▸ **Description of the task**
Could you print each of the records below exactly?

(Data extracted from a collection)
-------

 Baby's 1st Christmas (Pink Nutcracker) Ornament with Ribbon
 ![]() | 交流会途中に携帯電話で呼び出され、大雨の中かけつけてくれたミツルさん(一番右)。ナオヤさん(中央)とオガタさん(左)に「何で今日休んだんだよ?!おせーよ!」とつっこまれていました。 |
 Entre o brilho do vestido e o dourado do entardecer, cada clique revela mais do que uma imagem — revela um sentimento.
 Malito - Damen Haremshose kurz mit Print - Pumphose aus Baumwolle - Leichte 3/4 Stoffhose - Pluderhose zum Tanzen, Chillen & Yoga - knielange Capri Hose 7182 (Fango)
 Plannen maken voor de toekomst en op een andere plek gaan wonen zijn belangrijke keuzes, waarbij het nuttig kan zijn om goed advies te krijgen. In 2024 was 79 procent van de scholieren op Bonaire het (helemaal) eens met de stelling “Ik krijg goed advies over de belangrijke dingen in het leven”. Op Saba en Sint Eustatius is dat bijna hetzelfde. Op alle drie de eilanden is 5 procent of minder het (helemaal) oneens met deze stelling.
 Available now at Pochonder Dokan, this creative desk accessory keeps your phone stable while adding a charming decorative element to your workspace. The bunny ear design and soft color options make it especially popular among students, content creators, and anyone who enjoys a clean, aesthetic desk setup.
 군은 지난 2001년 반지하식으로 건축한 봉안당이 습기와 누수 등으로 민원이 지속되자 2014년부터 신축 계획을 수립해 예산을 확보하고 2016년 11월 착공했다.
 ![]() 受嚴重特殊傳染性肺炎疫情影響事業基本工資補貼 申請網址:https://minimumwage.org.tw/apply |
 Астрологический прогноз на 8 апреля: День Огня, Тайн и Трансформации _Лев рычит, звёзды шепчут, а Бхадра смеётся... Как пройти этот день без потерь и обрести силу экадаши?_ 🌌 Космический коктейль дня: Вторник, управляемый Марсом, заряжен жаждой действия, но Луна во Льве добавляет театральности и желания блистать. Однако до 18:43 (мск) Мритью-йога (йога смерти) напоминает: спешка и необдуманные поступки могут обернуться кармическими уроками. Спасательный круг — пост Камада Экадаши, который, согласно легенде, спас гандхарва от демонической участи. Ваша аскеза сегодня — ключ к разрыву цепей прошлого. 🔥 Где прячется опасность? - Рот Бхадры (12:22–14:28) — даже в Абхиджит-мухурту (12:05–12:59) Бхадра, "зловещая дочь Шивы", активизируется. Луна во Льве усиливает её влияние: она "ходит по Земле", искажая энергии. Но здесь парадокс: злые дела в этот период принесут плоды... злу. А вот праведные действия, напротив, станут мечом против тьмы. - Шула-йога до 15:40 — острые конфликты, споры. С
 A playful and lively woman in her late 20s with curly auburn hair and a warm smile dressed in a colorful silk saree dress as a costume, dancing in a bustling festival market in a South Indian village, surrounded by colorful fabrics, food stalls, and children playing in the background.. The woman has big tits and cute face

-------

▸ **Task response**
 Baby's 1st Christmas (Pink Nutcracker) Ornament with Ribbon
 ![]() | 交流会途中に携帯電話で呼び出され、大雨の中かけつけてくれたミツルさん(一番右)。ナオヤさん(中央)とオガタさん(左)に「何で今日休んだんだよ?!おせーよ!」とつっこまれていました。 |
 Entre o brilho do vestido e o dourado do entardecer, cada clique revela mais do que uma imagem — revela um sentimento.
 Malito - Damen Haremshose kurz mit Print - Pumphose aus Baumwolle - Leichte 3/4 Stoffhose - Pluderhose zum Tanzen, Chillen & Yoga - knielange Capri Hose 7182 (Fango)
 Plannen maken voor de toekomst en op een andere plek gaan wonen zijn belangrijke keuzes, waarbij het nuttig kan zijn om goed advies te krijgen. In 2024 was 79 procent van de scholieren op Bonaire het (helemaal) eens met de stelling “Ik krijg goed advies over de belangrijke dingen in het leven”. Op Saba en Sint Eustatius is dat bijna hetzelfde. Op alle drie de eilanden is 5 procent of minder het (helemaal) oneens met deze stelling.
 Available now at Pochonder Dokan, this creative desk accessory keeps your phone stable while adding a charming decorative element to your workspace. The bunny ear design and soft color options make it especially popular among students, content creators, and anyone who enjoys a clean, aesthetic desk setup.
 군은 지난 2001년 반지하식으로 건축한 봉안당이 습기와 누수 등으로 민원이 지속되자 2014년부터 신축 계획을 수립해 예산을 확보하고 2016년 11월 착공했다.
 ![]() 受嚴重特殊傳染性肺炎疫情影響事業基本工資補貼 申請網址:https://minimumwage.org.tw/apply |
 Астрологический прогноз на 8 апреля: День Огня, Тайн и Трансформации _Лев рычит, звёзды шепчут, а Бхадра смеётся... Как пройти этот день без потерь и обрести силу экадаши?_ 🌌 Космический коктейль дня: Вторник, управляемый Марсом, заряжен жаждой действия, но Луна во Льве добавляет театральности и желания блистать. Однако до 18:43 (мск) Мритью-йога (йога смерти) напоминает: спешка и необдуманные поступки могут обернуться кармическими уроками. Спасательный круг — пост Камада Экадаши, который, согласно легенде, спас гандхарва от демонической участи. Ваша аскеза сегодня — ключ к разрыву цепей прошлого. 🔥 Где прячется опасность? - Рот Бхадры (12:22–14:28) — даже в Абхиджит-мухурту (12:05–12:59) Бхадра, "зловещая дочь Шивы", активизируется. Луна во Льве усиливает её влияние: она "ходит по Земле", искажая энергии. Но здесь парадокс: злые дела в этот период принесут плоды... злу. А вот праведные действия, напротив, станут мечом против тьмы. - Шула-йога до 15:40 — острые конфликты, споры. С
 A playful and lively woman in her late 20s with curly auburn hair and a warm smile dressed in a colorful silk saree dress as a costume, dancing in a bustling festival market in a South Indian village, surrounded by colorful fabrics, food stalls, and children playing in the background.. The woman has big tits and cute face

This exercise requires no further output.